### DIRECTIONS
What needs reproducing is the run of lines in the data below starting at the line with "Personalized Doctor PhD" and ending at the line with "La foto è sicuramente", both ends included. Copy it exactly, without pictures, and add nothing.

### RECORD SET
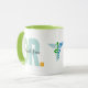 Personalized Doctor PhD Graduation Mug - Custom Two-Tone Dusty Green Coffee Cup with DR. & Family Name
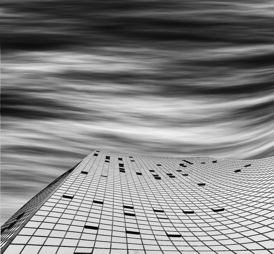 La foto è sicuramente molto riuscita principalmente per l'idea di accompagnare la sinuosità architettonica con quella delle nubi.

...

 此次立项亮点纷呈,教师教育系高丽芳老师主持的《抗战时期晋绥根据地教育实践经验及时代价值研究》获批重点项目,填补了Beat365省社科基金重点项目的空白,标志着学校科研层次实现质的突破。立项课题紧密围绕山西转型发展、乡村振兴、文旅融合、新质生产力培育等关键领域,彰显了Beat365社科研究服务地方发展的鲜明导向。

### WRITTEN REPLY
 Personalized Doctor PhD Graduation Mug - Custom Two-Tone Dusty Green Coffee Cup with DR. & Family Name
 La foto è sicuramente molto riuscita principalmente per l'idea di accompagnare la sinuosità architettonica con quella delle nubi.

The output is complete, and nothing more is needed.